Okay, enough horse metaphors, I promise. Elsewhere in the auction many great values were to be found as consignors dropped the occasional reserve to accommodate sales. It is always wise to keep a close eye on the bidding and to make no assumptions about what may or may not fall within the realm of possibilities; things can change. An L. H. Selman oversight (mine) helped a lovely Orient & Flume engraved weight slip through the bidding process relatively unobserved so that it was finally won for a very good price. It was the work of Czech master engraver, Lubomir Richter, whose signature eluded me at the time of description. It was our Lot 260 and sold at a hammer price of $400, perhaps half of what it actually deserved.
There were wonderful antique scrambles and miniatures in this auction and they were lovingly admired, considered and finally won by extremely savvy bidders with discriminating eyes.

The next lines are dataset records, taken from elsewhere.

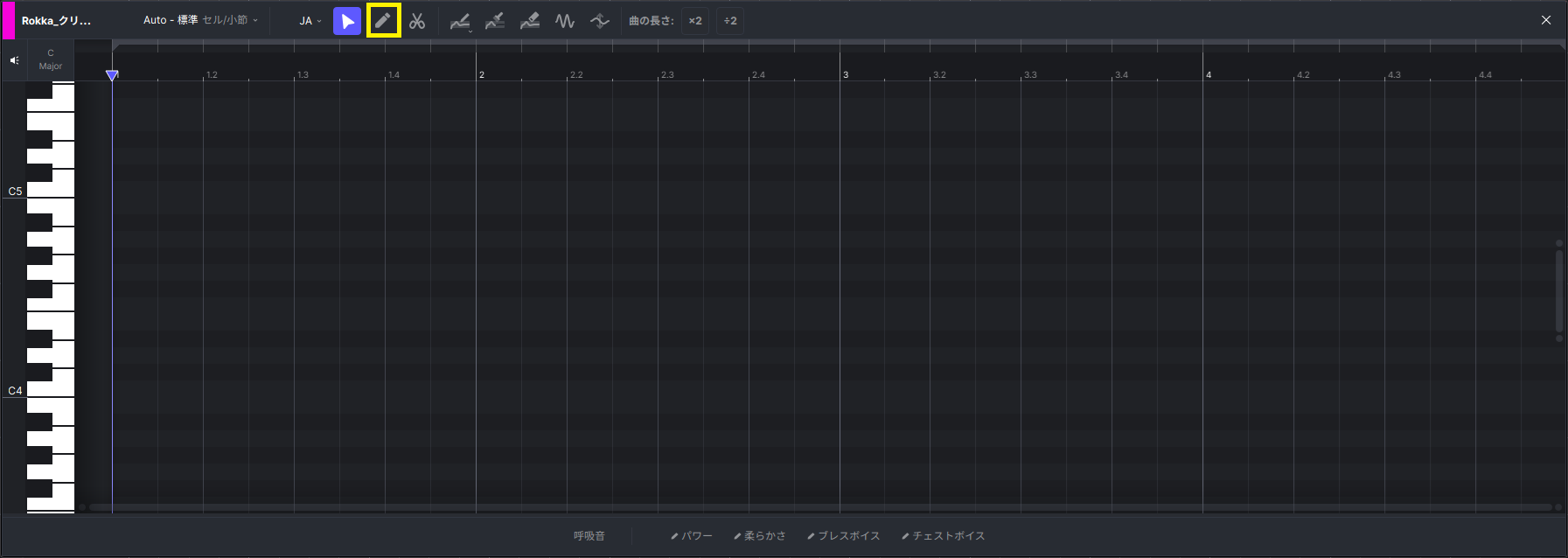エディタ上部に配置されているペンシルツールでメロディーのフレーズを入力します。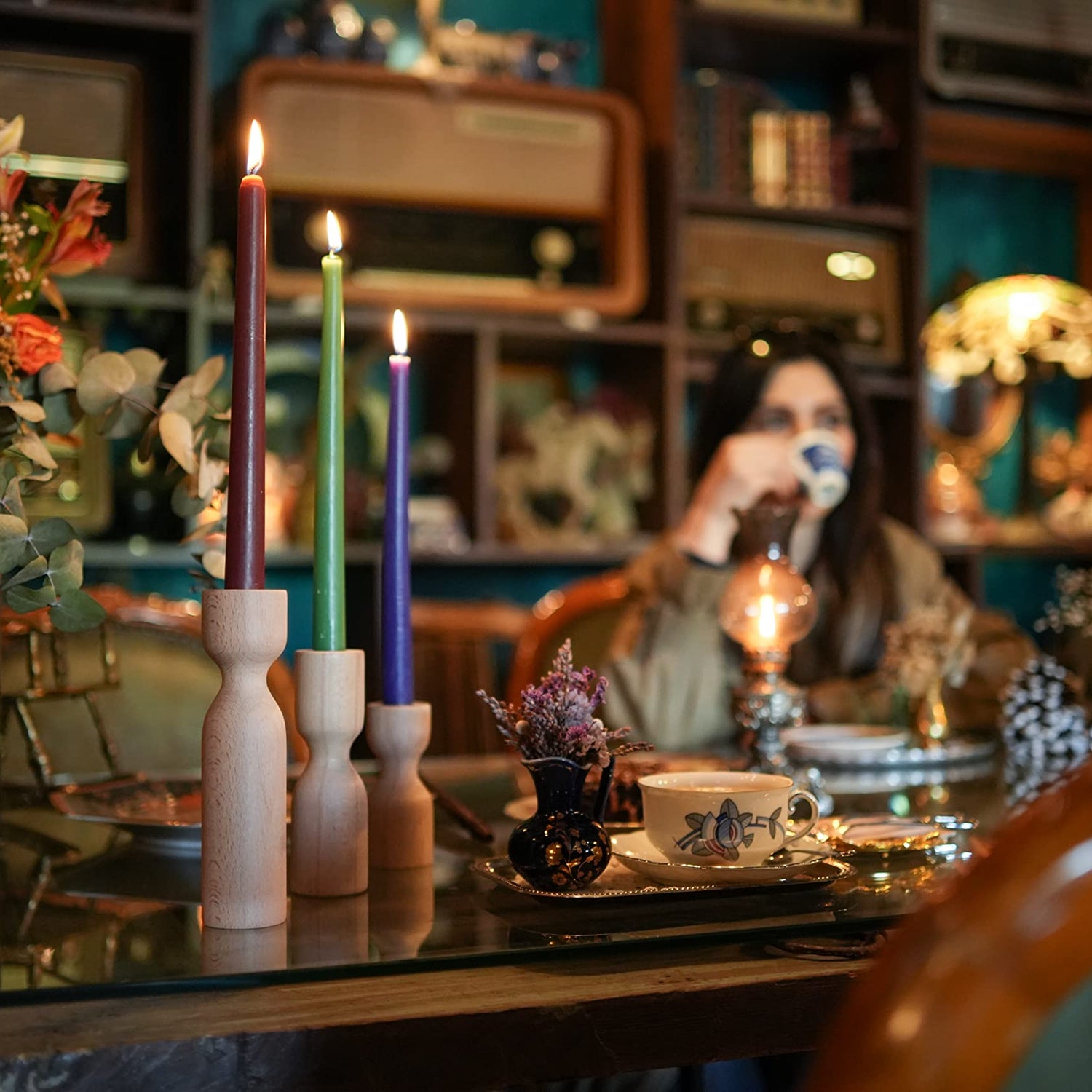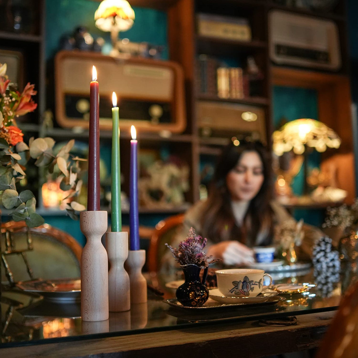 - NATURAL WOOD: Wooden Candlestick set is made of natural beech wood. It does not contain any preservative chemicals. It will appeal to your eyes thanks to its smooth surface and wood color.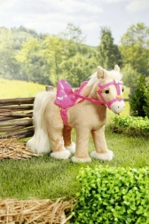 Amusez-vous avec BABY born Mon petit cheval qui marche, qui hennit avec enthousiasme et se met en mouvement. Il suffit d’appuyer sur son oreille droite pour qu’il émette des sons, et sur la gauche pour qu’il commence à marcher. Le cheval préfère courir sur une surface plane et lisse, et vous entendez le bruit de ses sabots.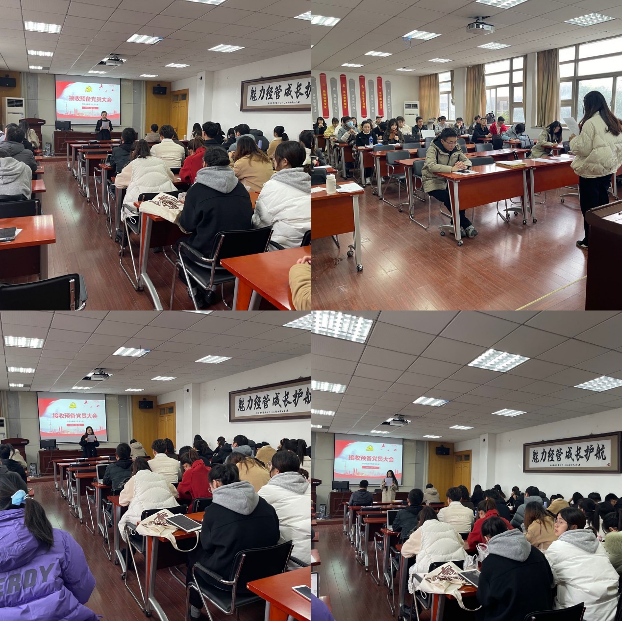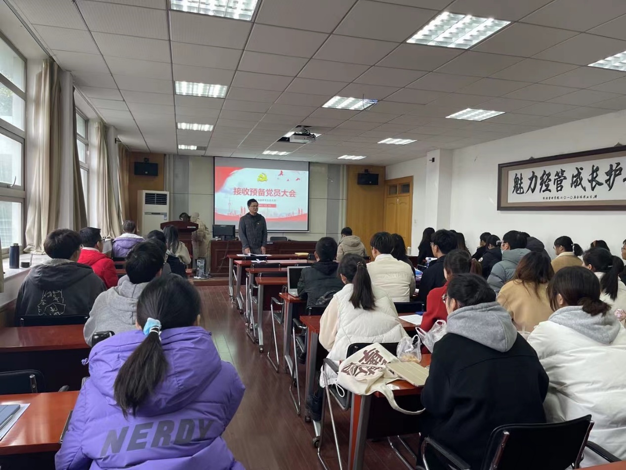 经济金融研究生党支部于2021年12月15日上午在公司二楼报告厅召开接收预备党员支部大会,讨论接收包晓悦等4名同志为中共预备党员,大会由支部书记陈龙主持,支部全体党员参加此次会议,入党积极分子到会观摩。

Lot 37, actually a fairly simple little Baccarat mini with a high estimate of $2,000, sold for an unexpected $3,250, because it was just pretty. Among the moderns, a Buzzini made particular impact with a winning hammer bid of $2,750 and yet another piece of his, Lot 116, sold for $3000. Stankards, Ayottes and Graebers were predictably strong. A Peter Raos sold for twice the low estimate, the Lundberg Studio weights did well and a large selection of Deacons weights seems to have been admired for color and variety as well as value. I was very happy to see a Joe Zimmerman hollow skunk weight go to the home of a favorite client and, once again, I was much amused by a Murano fish. Some collectors refer to these as “critter” weights and, while certainly not very sophisticated, I find them to be full of charm. As always, there was something for everyone and a wild card or two to keep everyone alert.